It’s hard to know how a leader of millions of people could be so out of touch with the times we live in, yet the aged pontiff used his address last Friday to lash out at those who would lash him, saying “Religious sentiments” were nowadays perceived as “unwelcome leftovers of antiquity” and “held up to scorn and ridicule.”

At least he’s got that last part right, but it’s disconcerting that the Holy See hasn’t moved with modernity and woken up to the way people live today, even – surprise! – with God.

Just as the Association of Southeast Nations, the United Nations and other lofty groupings of talking shops have in recent years become irrelevant due to their impotence, the Vatican has also become extraneous and diluted, especially so on morality lines.

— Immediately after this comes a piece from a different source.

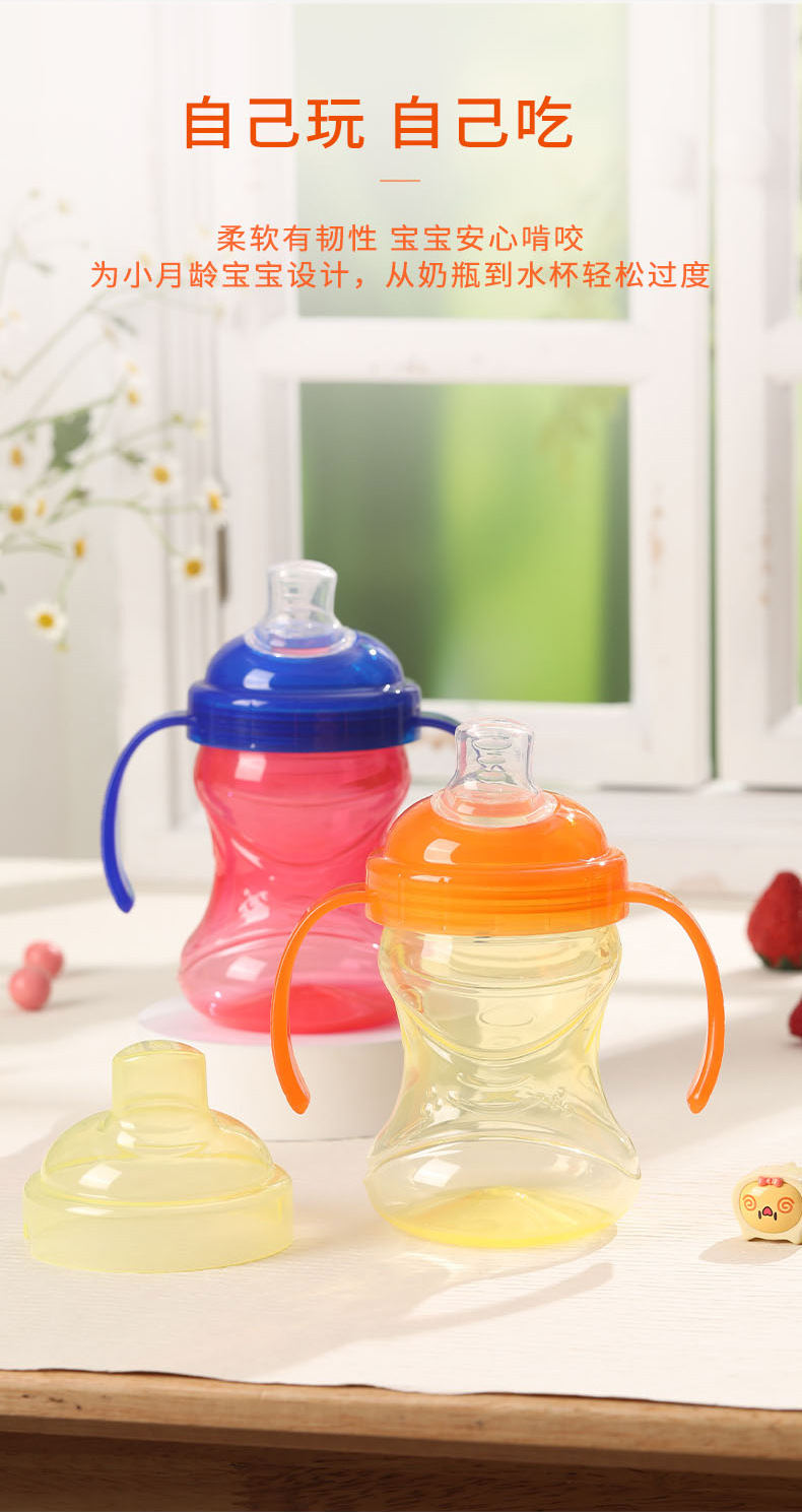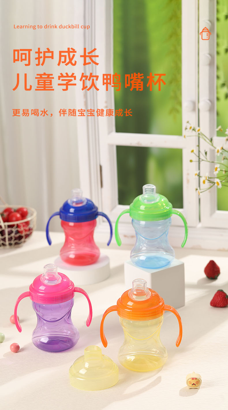 Силиконовая водяная чашка с уткой для детей старше 6 месяцев, обучающая чашка для питья, двойная ручка, нескользящая, легкая в удержании, тренировка 270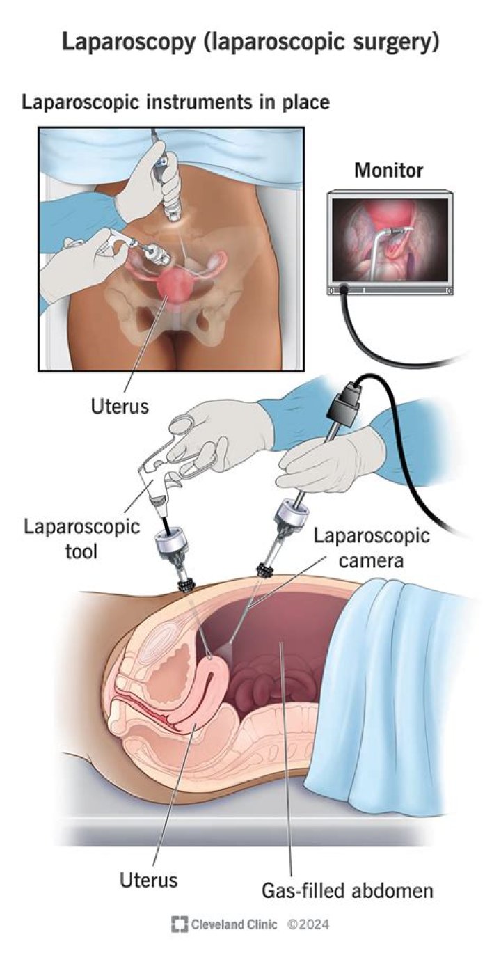 Laparoscopic surgery is a safe alternative to open surgery where a long probe with a camera at one end is inserted into the abdominal cavity and subsequently three small incisions are made to insert the medical equipment needed for the procedure.

The Vatican, however, is nothing if not rooted in a sea of tradition that has stretched back unbroken for centuries – witness the bizarre drama of a pope’s election, replete with theatrical smoke signals when a successor is chosen (try a mike!). That’s all very well and nice, and, much like the British royal family, is great for tourism. But it doesn’t do much for the progression of humanity when its resulting edicts and views that seek to influence lives are as entrenched in the far-distance past.

The outrage of predator priests and the legions of misery they have caused people around the world has disgracefully not been hit harder on the head by this pontiff, and that’s done more than anything to dent Catholicism’s image worldwide.

So are we to wonder why the world reacts with such head-shaking scorn when the pope issued his condom pronouncement? Hardly.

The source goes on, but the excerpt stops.